A den is a small room in a house where people can pursue activities in private.

In North America, the type of rooms described by the term den varies considerably by region. It is used to describe many different kinds of bonus rooms, including family rooms, libraries, home cinemas, spare bedrooms, studies or retreats.

The etymology of "den" stems from an animal's den, such as the American black bear, among others.

In some places, particularly in parts of the British Isles, a small den may be known as a snug.

In real estate, a den is often classified as a flexible space that can serve multiple purposes, such as a home office, guest room, or additional living area. While it lacks the official designation of a bedroom due to size restrictions or the absence of a window, a den can add significant value to a property. Many modern condominiums and apartments include dens as a way to offer extra functional space without increasing the number of bedrooms in the listing.
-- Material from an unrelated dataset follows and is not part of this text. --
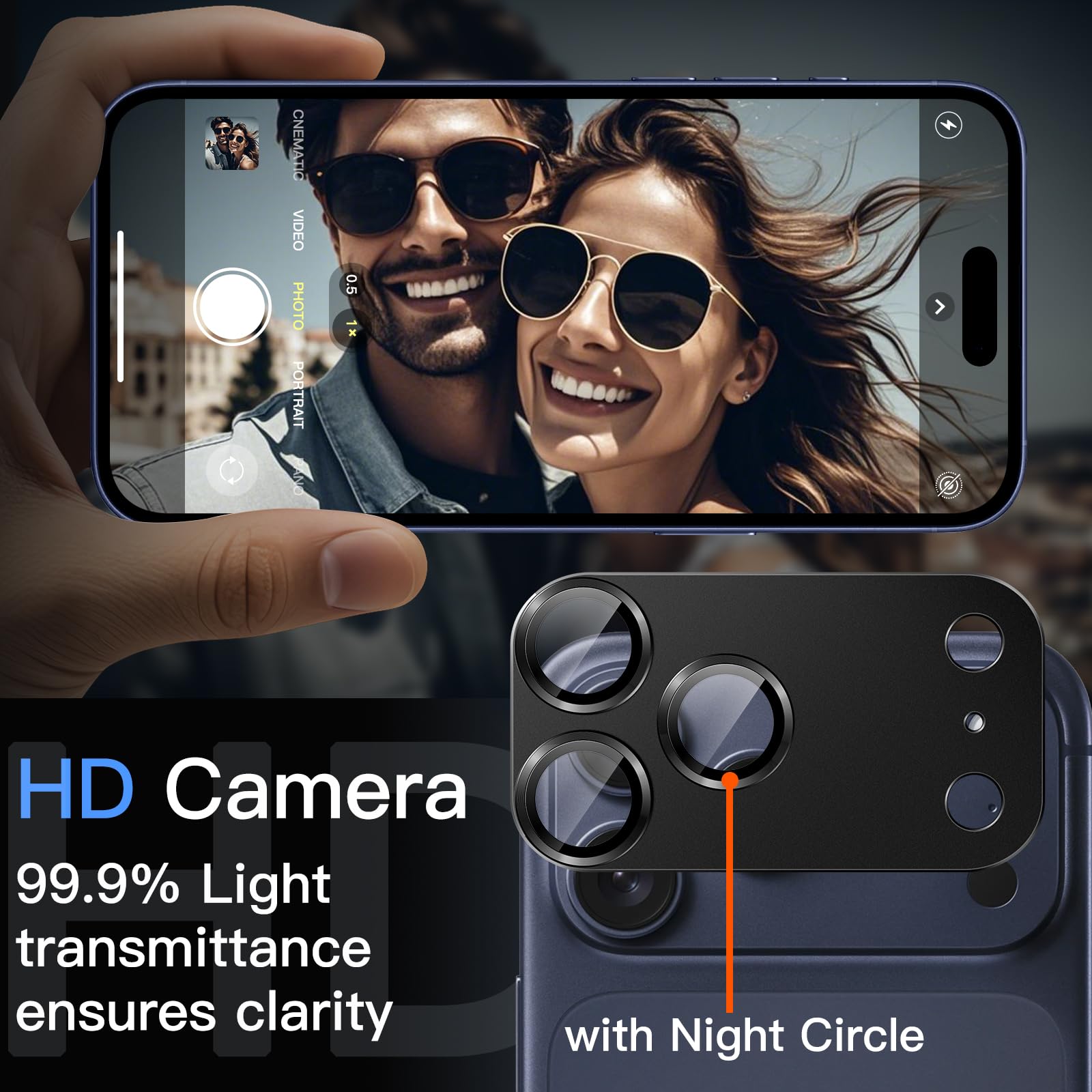 [HD Photography] The clear camera lens covers with AR coating helps reduce reflection and dazzle, providing 99.9% light transmittance and ensuring the original quality of every photo and video you snap

While living rooms tend to be used for entertaining company on formal occasions, dens, like other family rooms, tend to lean toward the more informal. In houses that do not have dedicated family rooms or recreation rooms, a den may fill that niche. Dens can also be private areas primarily used by adult members of the household, possibly restricting access to the room by their children. Dens with home theatre systems and large screen televisions may be referred to as media rooms instead.

Dens can serve the same purpose as cabinets in the past, becoming a modern man cave – a place for men to gather and entertain. In such cases, the design and decor may be distinctively masculine.